Marketing Opinion South Africa

Marketers must look deep into new consumer's soul

Quite some time ago, in his book The Future of Advertising, Joe Cappo, the publisher of Advertising Age in the US, wrote about a world of increasingly cynical consumers ignoring more and more the increasing clutter of conventional advertising and simply not accepting or reacting to the same old tired claptrap, gimmicks and shallow come-ons. He was spot on because, that's happening right now.
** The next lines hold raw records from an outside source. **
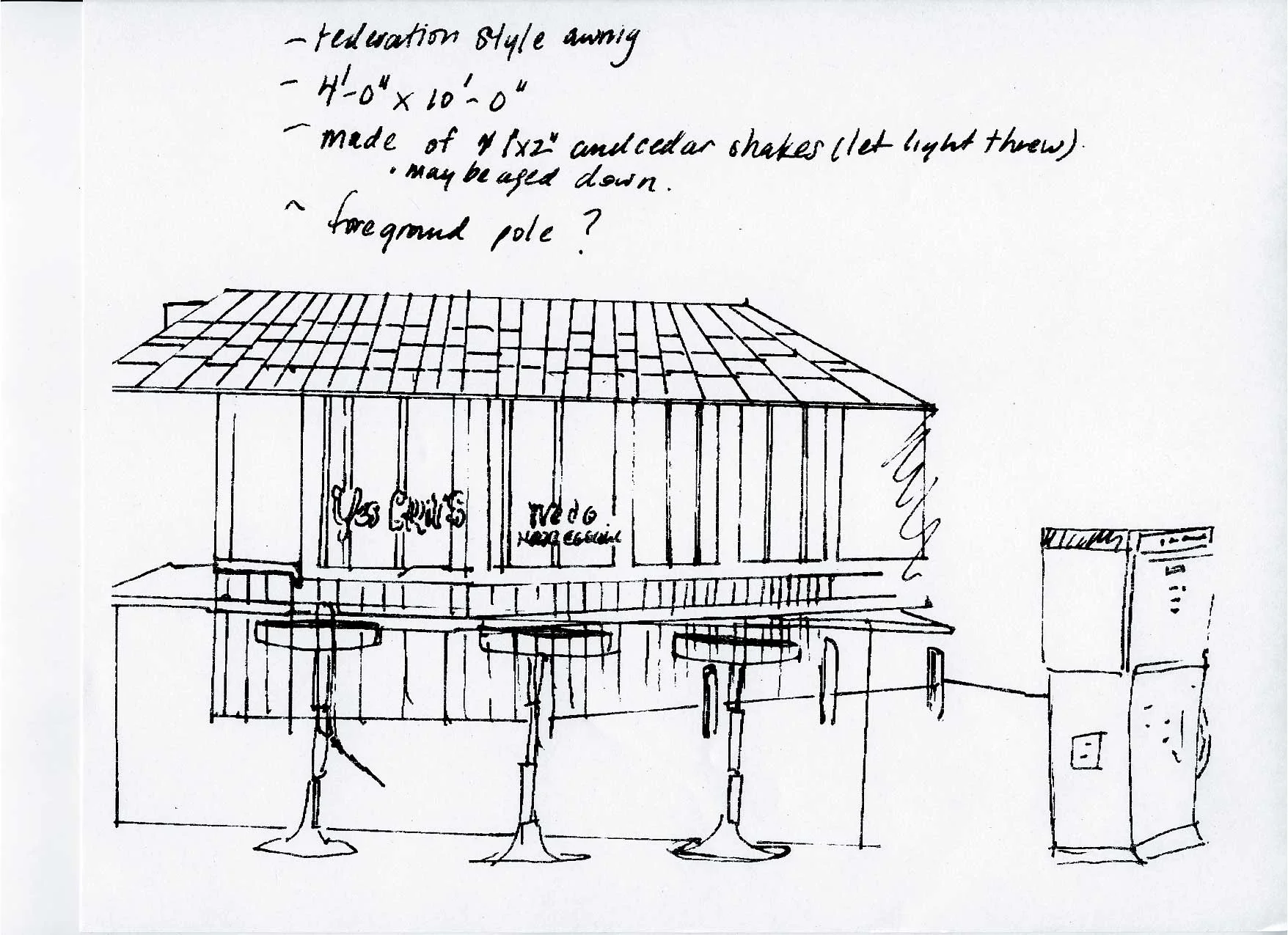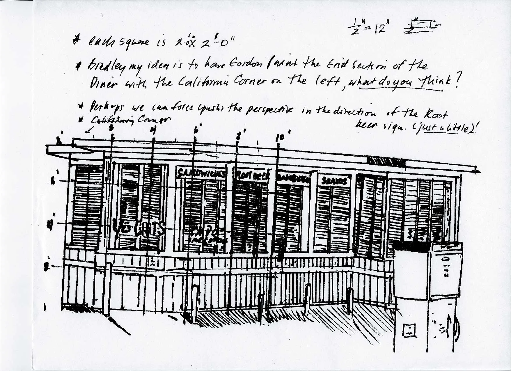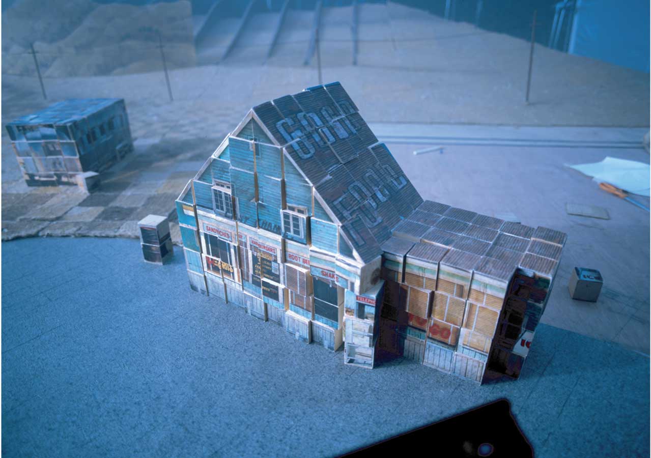 (1) The road house miniature element on the route set. The life size element (4), was built on location and was designed to fit onto the front of the miniature.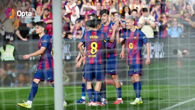 此役主场对阵塞维利亚,巴塞罗那凭借拉菲尼亚上演梅开二度和奥尔莫打入一球,在上半场战罢取得3-0领先。至此,巴萨本赛季西甲28场比赛已打入75球。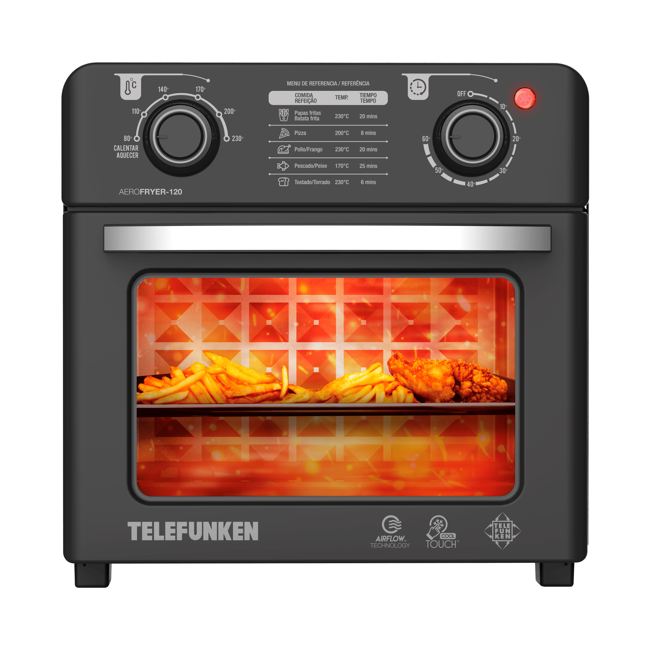 Fritadeira sem óleo por ar quente TELEFUNKEN AeroFryer 120 – Controle frontal, prático, 12L de capacidade e potência de 1500-1750W com 2 posições de cozimento, 3 bandejas incluídas e 3 funções de cozimento: fritar, tostar e aquecer.

Of course, the marketing industry can look at this with an enormous amount of trepidation and the prospect of busting its buns trying to come up with shrewd and devious new ways of getting the attention of the consumer and manipulating it long enough to flog products and services.

Single-minded materialism

Or, it can look deeper into what is happening and pander to the new way in which more and more consumers are thinking. A philosophy that is beginning to oust that of single-minded materialism that saw consumers “wanting something because they want it” and consumers beginning to put their lives into some sort of more meaningful perspective.

I got an email from my daughter a while back - she was in the advertising business before she found that it was not challenging enough so she became a mother. I'm not sure she had the ad business in mind when she found this piece of sage reflection and sent it on to me.

The right road

I believe it reflects the way more and more middle and upper class people are looking at life and in it are clues perhaps that will lead marketers to the right road in terms of communicating with this important sector of the market.

The paradox of our time in history is that we have taller buildings but shorter tempers, wider freeways but narrower viewpoints. We spend more, but have less, we buy more, but enjoy less. We have bigger houses and smaller families, more conveniences, but less time.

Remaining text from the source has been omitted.